Let’s shortly test this actually is what occurs, by multiplying each batches individually:

tf$matmul(a[1, , ], b)
# tf.Tensor(
# [[[ 622.  628.]
#   [1549. 1564.]]], form=(1, 2, 2), dtype=float64)

tf$matmul(a[2, , ], b)
# tf.Tensor(
# [[[2476. 2500.]
#   [3403. 3436.]]], form=(1, 2, 2), dtype=float64)

Is it too bizarre to be questioning if broadcasting would additionally occur for matrix dimensions? E.g., may we strive matmuling tensors of shapes (2, 4, 1) and (2, 3, 1), the place the 4 x 1 matrix can be broadcast to 4 x 3? – A fast check reveals that no.

To see how actually, when coping with TensorFlow operations, it pays off overcoming one’s preliminary reluctance and really seek the advice of the documentation, let’s strive one other one.

Within the documentation for matvec, we’re advised:

Multiplies matrix a by vector b, producing a * b.
The matrix a should, following any transpositions, be a tensor of rank >= 2, with form(a)[-1] == form(b)[-1], and form(a)[:-2] capable of broadcast with form(b)[:-1].

In our understanding, given enter tensors of shapes (2, 2, 3) and (2, 3), matvec ought to carry out two matrix-vector multiplications: as soon as for every batch, as listed by every enter’s leftmost dimension.

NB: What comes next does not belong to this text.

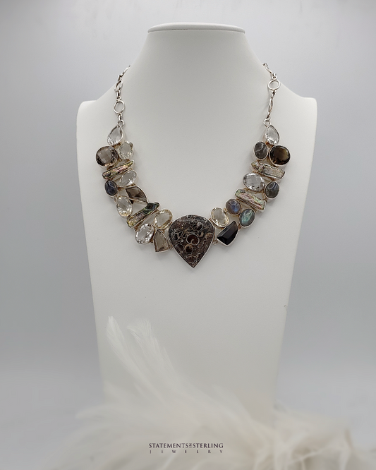 Crinoid Fossil and Multi Gemstone Sterling Silver Stunner Necklace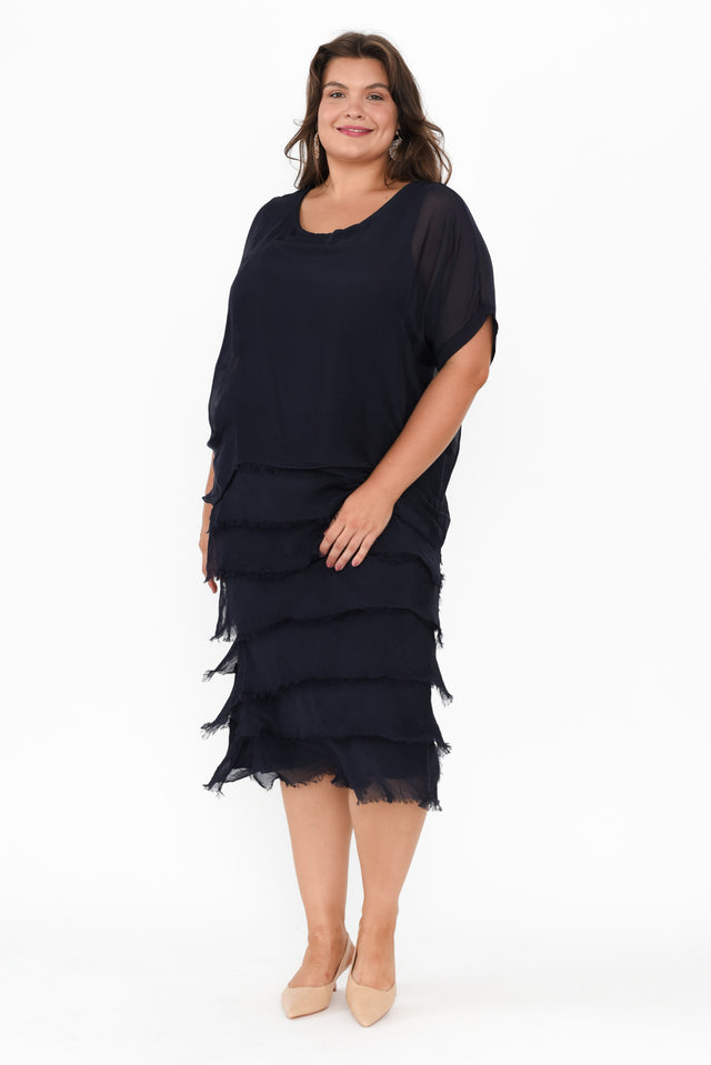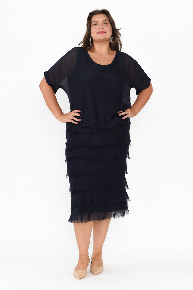 Katerina Navy Silk Overlay Maxi Dress

Let’s test this – thus far, there isn’t a broadcasting concerned:

# two matrices
a <- tf$fixed(keras::array_reshape(1:12, dim = c(2, 2, 3)))
a
# tf.Tensor(
# [[[ 1.  2.  3.]
#   [ 4.  5.  6.]]
# 
#  [[ 7.  8.  9.]
#   [10. 11. 12.]]], form=(2, 2, 3), dtype=float64)

b = tf$fixed(keras::array_reshape(101:106, dim = c(2, 3)))
b
# tf.Tensor(
# [[101. 102. 103.]
#  [104. 105. 106.]], form=(2, 3), dtype=float64)

c <- tf$linalg$matvec(a, b)
c
# tf.Tensor(
# [[ 614. 1532.]
#  [2522. 3467.]], form=(2, 2), dtype=float64)

Doublechecking, we manually multiply the corresponding matrices and vectors, and get:

tf$linalg$matvec(a[1,  , ], b[1, ])
# tf.Tensor([ 614. 1532.], form=(2,), dtype=float64)

tf$linalg$matvec(a[2,  , ], b[2, ])
# tf.Tensor([2522. 3467.], form=(2,), dtype=float64)

The identical. Now, will we see broadcasting if b has only a single batch?

b = tf$fixed(keras::array_reshape(101:103, dim = c(1, 3)))
b
# tf.Tensor([[101. 102. 103.]], form=(1, 3), dtype=float64)

c <- tf$linalg$matvec(a, b)
c
# tf.Tensor(
# [[ 614. 1532.]
#  [2450. 3368.]], form=(2, 2), dtype=float64)

Multiplying each batch of a with b, for comparability:

tf$linalg$matvec(a[1,  , ], b)
# tf.Tensor([ 614. 1532.], form=(2,), dtype=float64)

tf$linalg$matvec(a[2,  , ], b)
# tf.Tensor([[2450. 3368.]], form=(1, 2), dtype=float64)

It labored!

Now, on to the opposite motivating instance, utilizing tfprobability.

Broadcasting all over the place

Right here once more is the setup:

library(tfprobability)
d <- tfd_normal(loc = c(0, 1), scale = matrix(1.5:4.5, ncol = 2, byrow = TRUE))
d
# tfp.distributions.Regular("Regular", batch_shape=[2, 2], event_shape=[], dtype=float64)

What’s going on? Let’s examine location and scale individually:

d$loc
# tf.Tensor([0. 1.], form=(2,), dtype=float64)

d$scale
# tf.Tensor(
# [[1.5 2.5]
#  [3.5 4.5]], form=(2, 2), dtype=float64)

Simply specializing in these tensors and their shapes, and having been advised that there’s broadcasting happening, we are able to motive like this: Aligning each shapes on the best and increasing loc’s form by 1 (on the left), we’ve (1, 2) which can be broadcast with (2,2) – in matrix-speak, loc is handled as a row and duplicated.

That means: We’ve two distributions with imply (0) (one in every of scale (1.5), the opposite of scale (3.5)), and likewise two with imply (1) (corresponding scales being (2.5) and (4.5)).

Right here’s a extra direct approach to see this:

d$imply()
# tf.Tensor(
# [[0. 1.]
#  [0. 1.]], form=(2, 2), dtype=float64)

d$stddev()
# tf.Tensor(
# [[1.5 2.5]
#  [3.5 4.5]], form=(2, 2), dtype=float64)

Puzzle solved!

Summing up, broadcasting is straightforward “in idea” (its guidelines are), however might have some practising to get it proper. Particularly along with the truth that capabilities / operators do have their very own views on which components of its inputs ought to broadcast, and which shouldn’t. Actually, there isn’t a method round wanting up the precise behaviors within the documentation.

Hopefully although, you’ve discovered this put up to be a great begin into the subject. Perhaps, just like the creator, you’re feeling such as you may see broadcasting happening anyplace on the earth now. Thanks for studying!